• COLLECTED DATA:
[Start of Attachment]

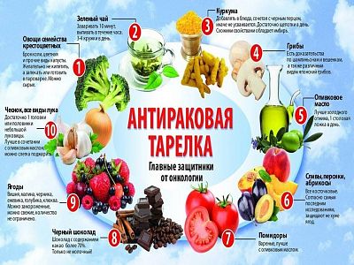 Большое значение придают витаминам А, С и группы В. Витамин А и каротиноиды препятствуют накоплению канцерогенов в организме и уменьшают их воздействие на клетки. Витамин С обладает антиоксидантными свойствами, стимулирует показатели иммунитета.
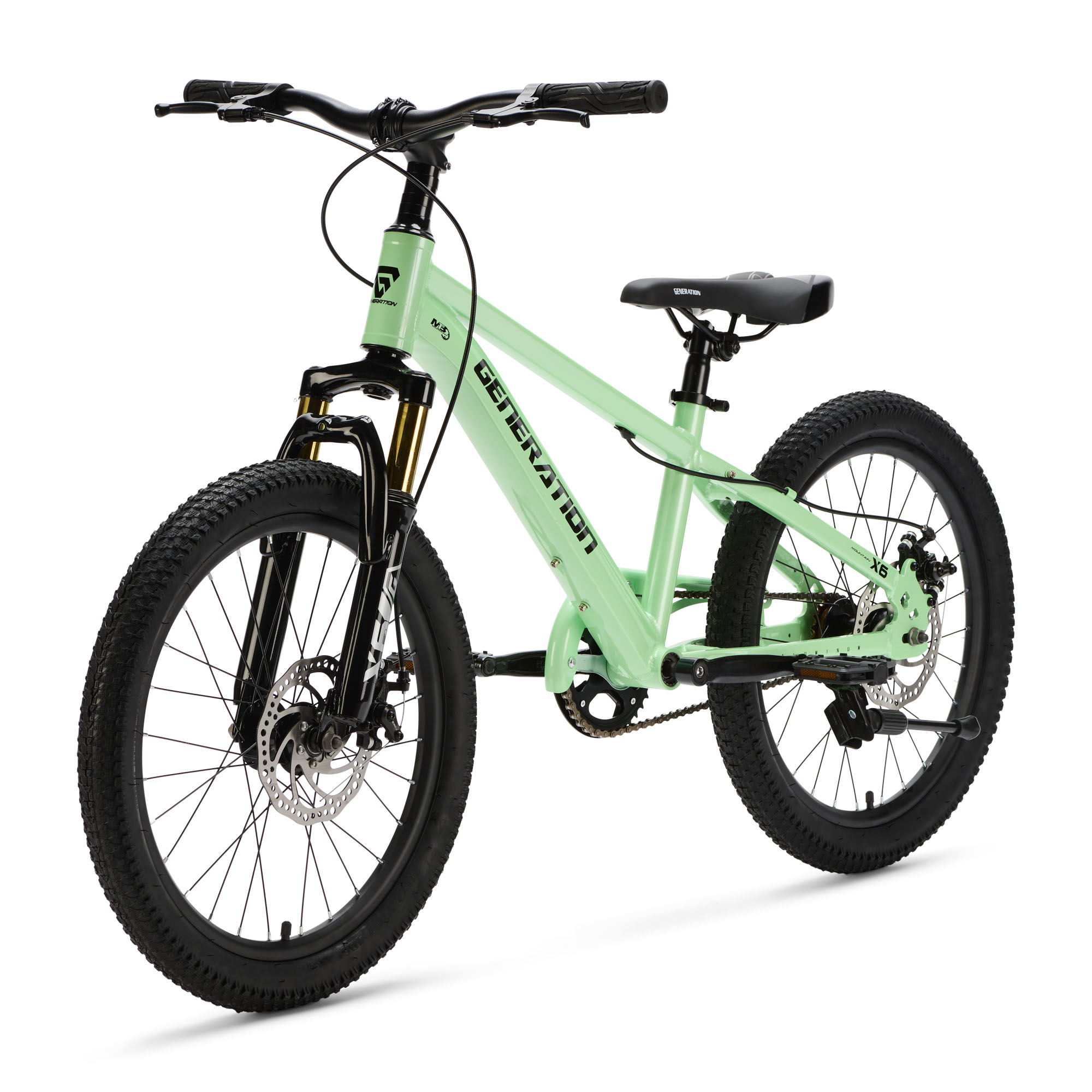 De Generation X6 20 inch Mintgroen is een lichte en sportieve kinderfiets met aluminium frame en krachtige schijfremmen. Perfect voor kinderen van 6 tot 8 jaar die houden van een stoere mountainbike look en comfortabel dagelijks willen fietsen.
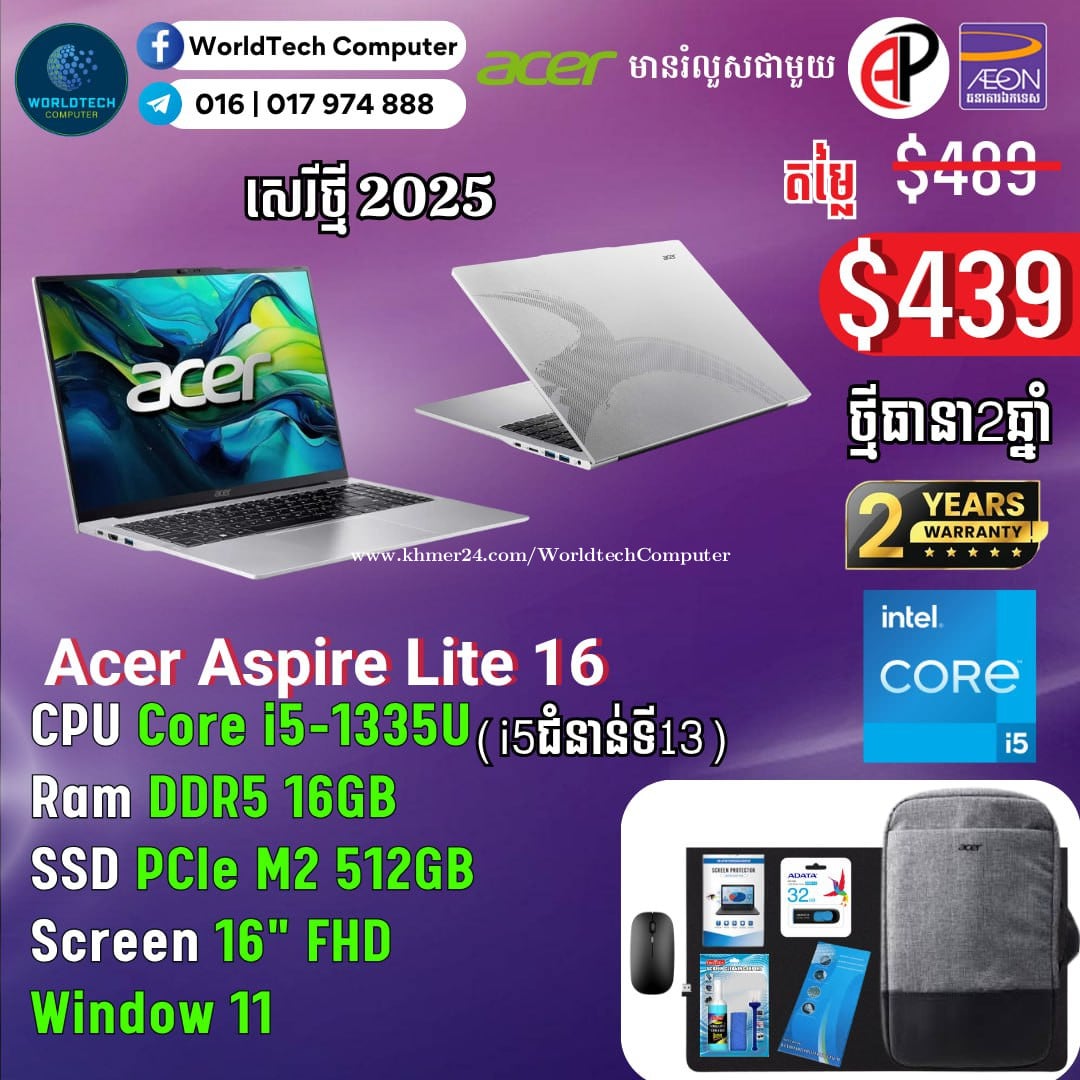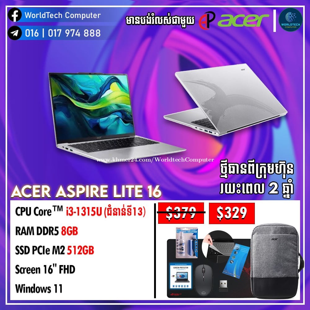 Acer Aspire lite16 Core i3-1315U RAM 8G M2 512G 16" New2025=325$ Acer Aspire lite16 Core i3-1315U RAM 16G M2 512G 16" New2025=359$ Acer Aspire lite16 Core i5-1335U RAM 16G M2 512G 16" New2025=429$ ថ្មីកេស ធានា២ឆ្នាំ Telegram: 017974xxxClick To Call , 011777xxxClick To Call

[End of Attachment]

• WORK TO BE COMPLETED:
Take the data above and set it down exactly, images excluded.

• ANSWER TO THIS PROBLEM:
 Большое значение придают витаминам А, С и группы В. Витамин А и каротиноиды препятствуют накоплению канцерогенов в организме и уменьшают их воздействие на клетки. Витамин С обладает антиоксидантными свойствами, стимулирует показатели иммунитета.
 De Generation X6 20 inch Mintgroen is een lichte en sportieve kinderfiets met aluminium frame en krachtige schijfremmen. Perfect voor kinderen van 6 tot 8 jaar die houden van een stoere mountainbike look en comfortabel dagelijks willen fietsen.
 Acer Aspire lite16 Core i3-1315U RAM 8G M2 512G 16" New2025=325$ Acer Aspire lite16 Core i3-1315U RAM 16G M2 512G 16" New2025=359$ Acer Aspire lite16 Core i5-1335U RAM 16G M2 512G 16" New2025=429$ ថ្មីកេស ធានា២ឆ្នាំ Telegram: 017974xxxClick To Call , 011777xxxClick To Call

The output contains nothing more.